The Journal of Supercomputing ( IF 3.3 ) Pub Date : 2024-04-15 , DOI: 10.1007/s11227-024-06097-7 Inmaculada Santamaria-Valenzuela , Rocío Carratalá-Sáez , Yuri Torres , Diego R. Llanos , Arturo Gonzalez-Escribano
There are many works devoted to improving the matrix product computation, as it is used in a wide variety of scientific applications arising from many different fields. In this work, we propose alternative data distribution policies and communication patterns to reduce the elapsed time when computing triangular matrix products in distributed memory environments.

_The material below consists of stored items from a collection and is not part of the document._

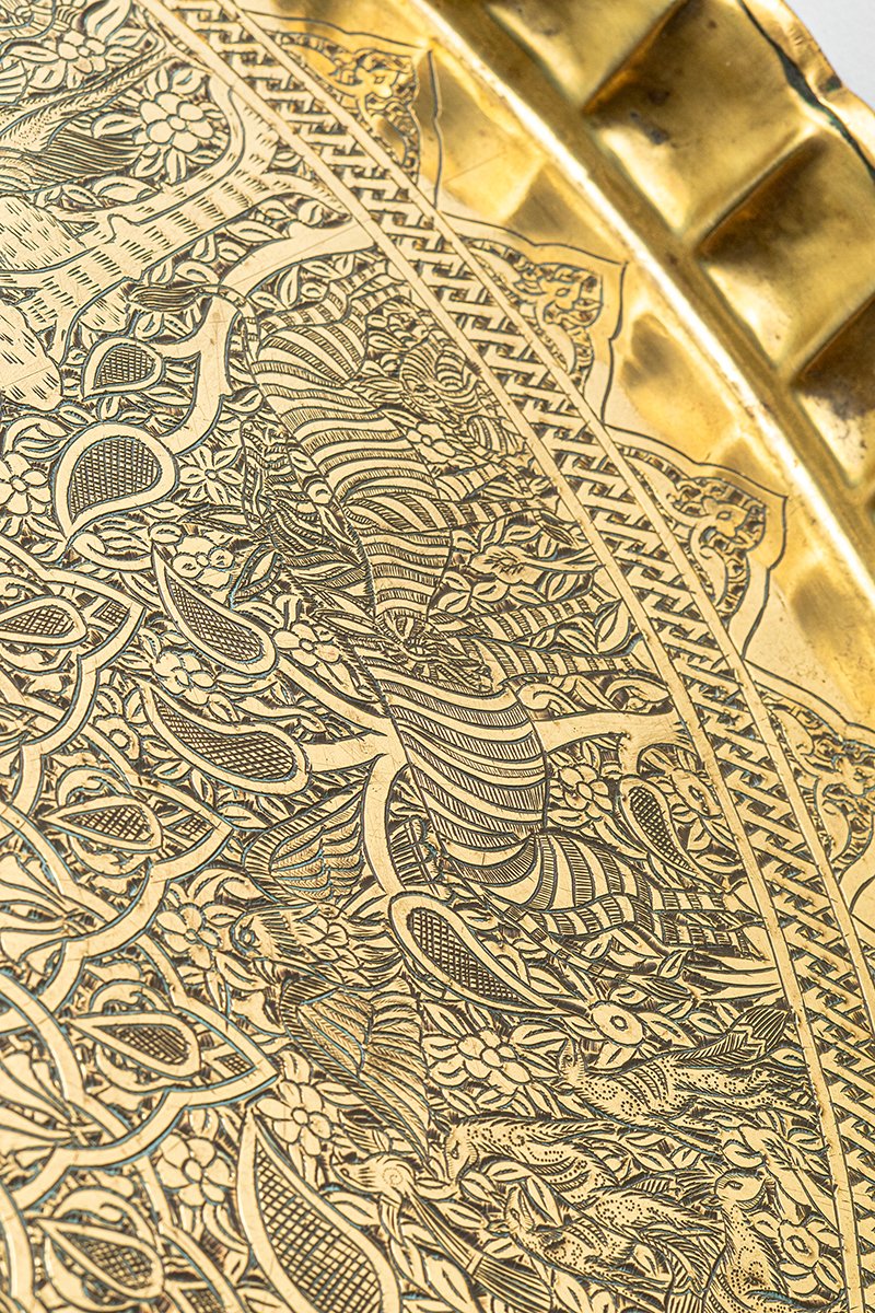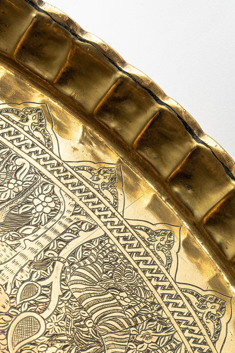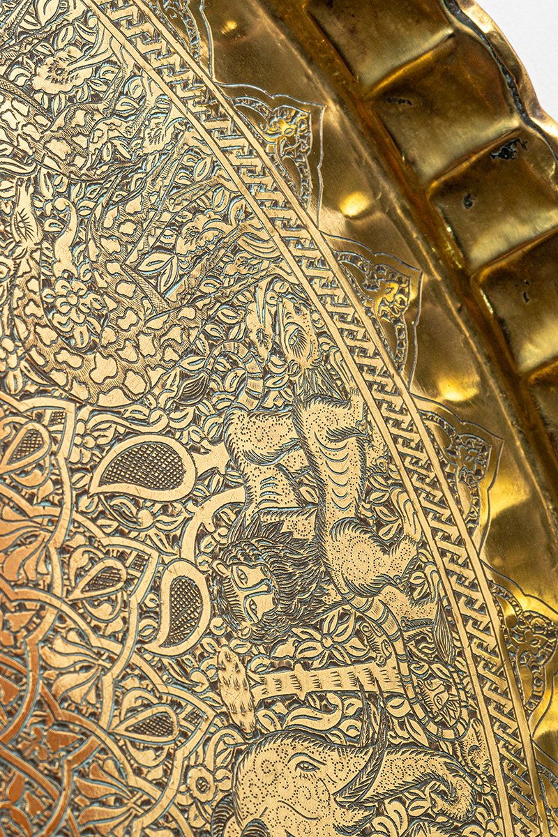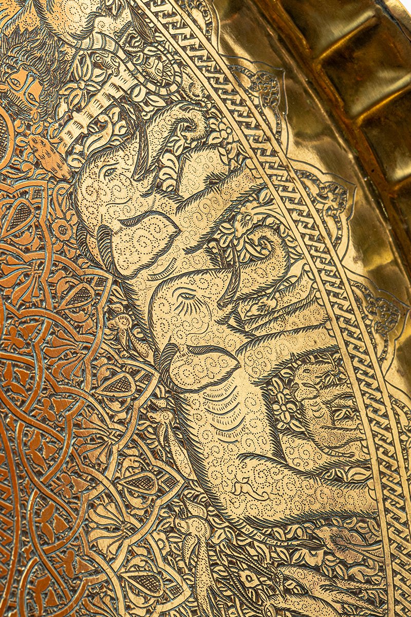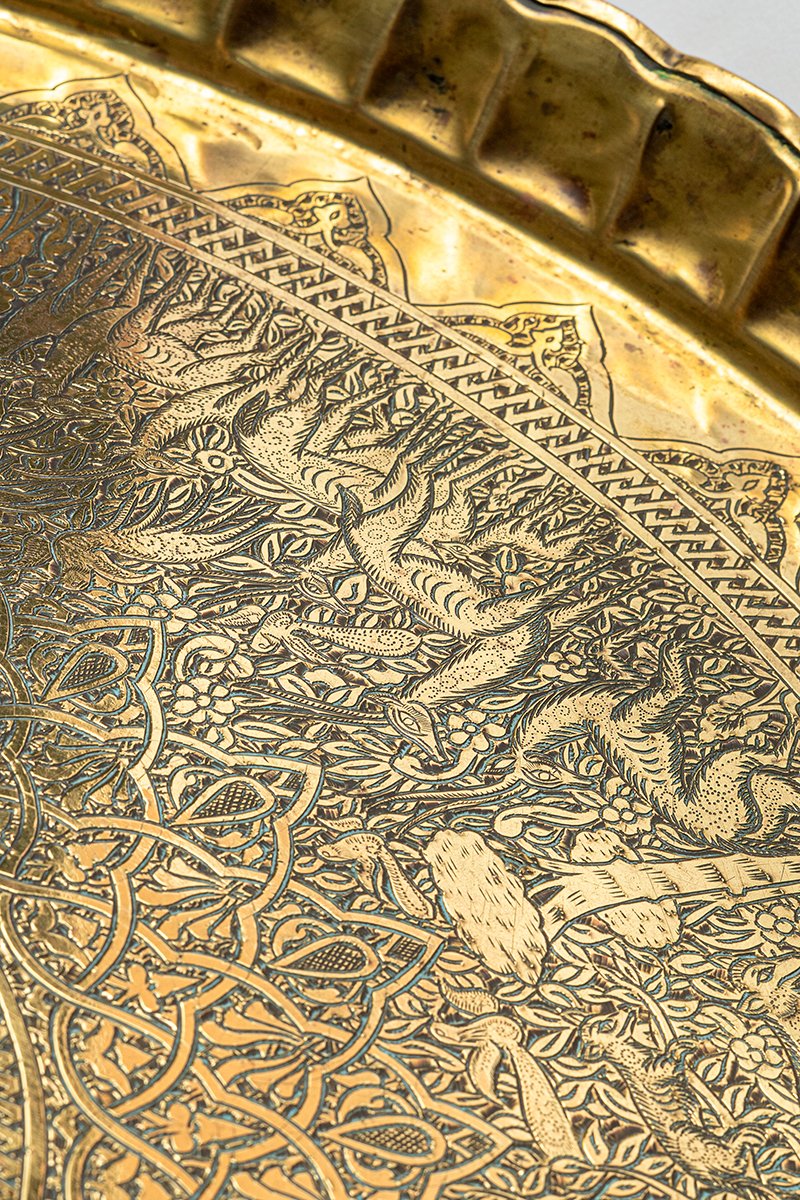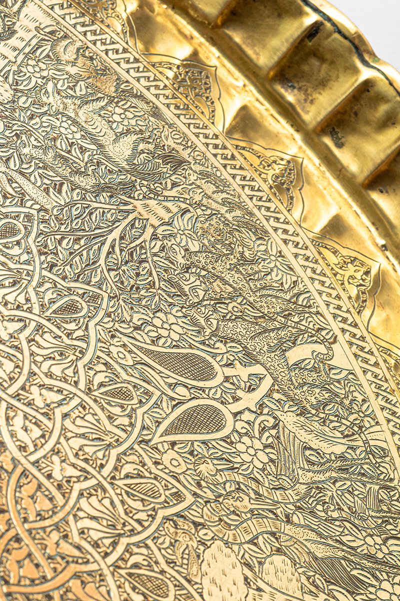 This brass tray unfolds like a living bestiary in metal, a cosmos where script, geometry, and animal life are bound together. At its center lies a sunburst medallion, radiating bands of calligraphy around a circular scene in which a mounted rider dominates, the figure of al-Malik al-Ẓāhir Baybars, the Sultan as both warrior and guardian. From this luminous heart, a dense weave of Mamluk scrollwork and geometry extends outward, enclosing a remarkable ring of wildlife scenes.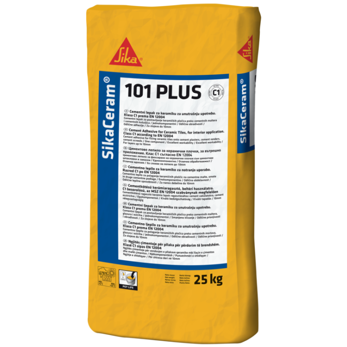 SikaCeram®-101 PLUS je pripremljena praškasta mešavina, veoma otpornih cemenata, sa sadržajem polimera, odabranih silikonskih/kvarcnih mineralnih punila sa specijalnim dodacima. Spreman za korišćenje uz dodatak vode. Može se koristiti za lepljenje keramičkih pločica na vertikalnim i horizontalnim unutrašnjim površinama.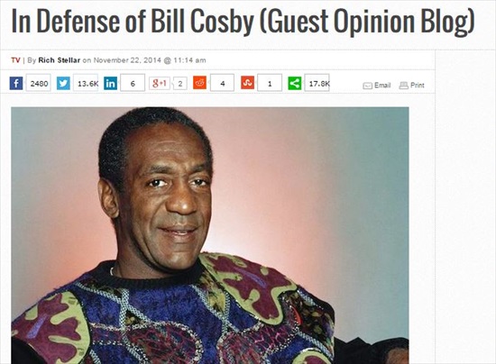 Stellar apologized in a note atop his original article Nov. 23. “The furor over my recent blog that was misconstrued as defending Bill Cosby was unexpected, but not unwarranted,” Stellar wrote.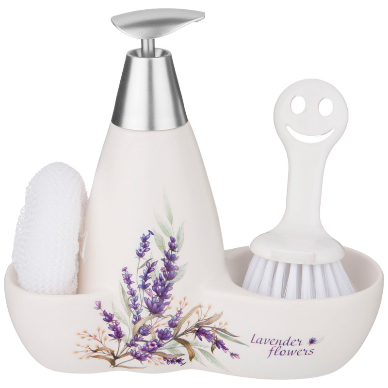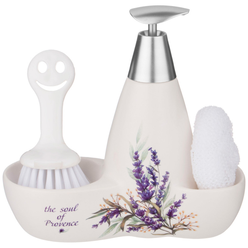 Дозатор для моющего средства "ДУША ПРОВАНСА" 500 мл + губка и щетка 20*9*18 см (кор=12шт.) LEFARD 755-221
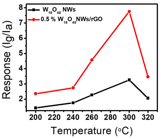 The UV–visible absorption spectra of pure W18O49 NWs and W18O49 NWs/rGO composites with different rGO contents (0.2, 0.5, 1, and 1.5 wt. %) are presented in Figure 3c. It was observed that by introducing different amount of graphene not only enhance the intensity of absorption but also shifted the light absorption range towards visible area [64]. The Brunauer–Emmett–Teller (BET) measurements for the determination of surface area are presented in Figure S6a–c as surface area is a key factor for good efficiency of sensing materials. For the enhanced surface area measurement by the addition of GO, the specific surface area of pure W18O49 NWs and 0.5 wt. % W18O49 NWs/rGO composite were measured through the nitrogen adsorption–desorption tests. The BET surface area of pure W18O49 NWs and 0.5 wt. % W18O49 NWs/rGO composite was 72.843 m2/g and 81.843 m2/g, indicating the increase in surface area of 0.5 wt. % W18O49 NWs/rGO composite due to rGO addition. The gas detection applications were demonstrated by fabricating a number of gas sensor devices based on pure W18O49 NWs and W18O49 NWs/rGO composite comprising various amount of rGO ranging from 0.2 wt. % to 1.5 wt. %. The sensing behavior of most of metal oxide gas sensors is highly dependent on operating temperature. So at first, the temperature dependent gas sensing properties were investigated by operating gas sensors at different temperature and at a specific gas concentration. Figure 4 presents the gas sensing response of pure W18O49 NWs and 0.5 wt. % W18O49 NWs/rGO composite to 100 ppm toluene vapors as a function of operating temperature. The response of a sensor was defined in terms of current ratio (S = Ig/Ia, where Ig = sensor current in gas environment and Ia = sensor current in air). However, the sensing response factors such as response time and recovery time were calculated by time taken for the sensor to attain 90% of the total current change in the case of adsorption and desorption of gas, respectively. The increasing temperature resulted the increase in sensing response for 100 ppm toluene vapors and maximum sensing response for both pure W18O49 NWs and 0.5 wt. % W18O49 NWs/rGO composite to 100 ppm toluene vapors was observed at 300 °C. Afterwards, a gradual decline in response was obtained by increasing the temperature at 320 °C. Hence optimum working temperature for gas sensing measurements was selected at 300 °C. The increase in sensing response at higher temperature is due to enough thermal energy to react with the surface adsorbed oxygen species. Whereas, very high temperature results in a decrease in sensing response due to the difficulty in gas adsorption and low utilization rate of the sensing layer [65,66].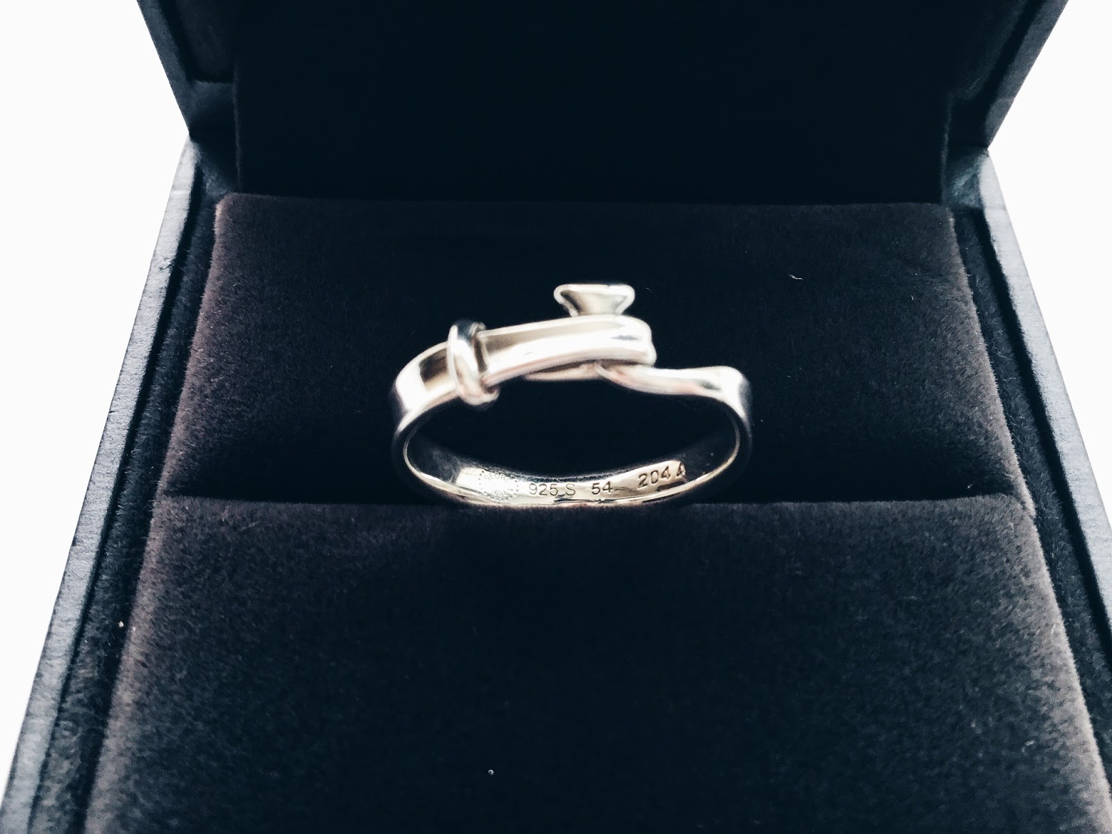 写真の通り、上部は「鍵」の様に引っかけるデザイン。ブレスレットなどは中央部が開閉可能になっておりますが、残念な事に指輪ではそれができません。しかし、指輪でこのデザインを行っているのはこの世でジョージジェンセンのみと聞きます。他の候補ブランドが落選した理由はシルバーの面積にあります。面積が広ければ広いほど素材の曇りや、主張が大きくなり、それが他の指輪へ悪影響(見た目)を及ぼします。また、複雑なデザイン物ほど、入り組んだ作りになっており、個人レベルでの磨きが行き届かなくなります。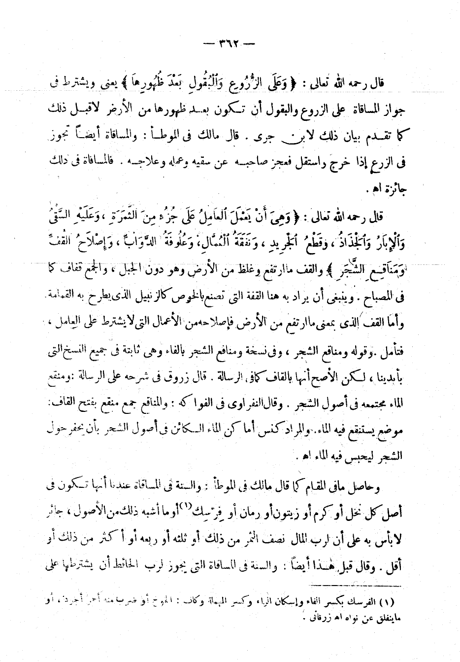 قال رحمه الله تعالى: " وعلى الزروع والبقول بعد ظهورها " يعني ويشترط في جواز المساقاة على الزروع والبقول أن تكون بعد ظهورها من الأرض لا قبل ذلك كما تقدم بيان ذلك لابن جزي. قال مالك في الموطأ: والمساقاة أيضاً تجوز في الزرع إذا خرج واستقل فعجز صاحبه عن سقيه وعمله وعلاجه. فالمساقاة في ذلك جائزة اهـ.
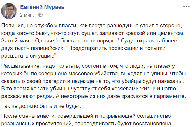 Нардеп Евгений Мураев рассуждает о восстановлении справедливости: "Полиция, на службе у власти, как всегда равнодушно стоит в стороне, когда кого-то бьют, что-то жгут, рушат, заливают краской или цементом. Зато 2 мая в Одессе "общественный порядок" будут охранять более двух тысяч полицейских. "Предотвратить провокации и попытки расшатать ситуацию".

In particular, we focus on commodity clusters, where the number of nodes is limited, proposing alternatives to traditional approaches in order to improve this operation’s performance. Our proposal overcomes the performance results associated with the state-of-the-art libraries, such as ScaLAPACK and SLATE, offering execution times that are up to 30% faster.
中文翻译:
商品集群中三角矩阵乘积的性能提升
有许多工作致力于改进矩阵乘积计算,因为它被用于许多不同领域的各种科学应用。在这项工作中,我们提出了替代数据分布策略和通信模式,以减少在分布式内存环境中计算三角矩阵乘积时所花费的时间。我们特别关注节点数量有限的商品集群,提出传统方法的替代方案,以提高该操作的性能。我们的建议克服了与最先进的库(例如 ScaLAPACK 和 SLATE)相关的性能结果,将执行时间提高了 30%。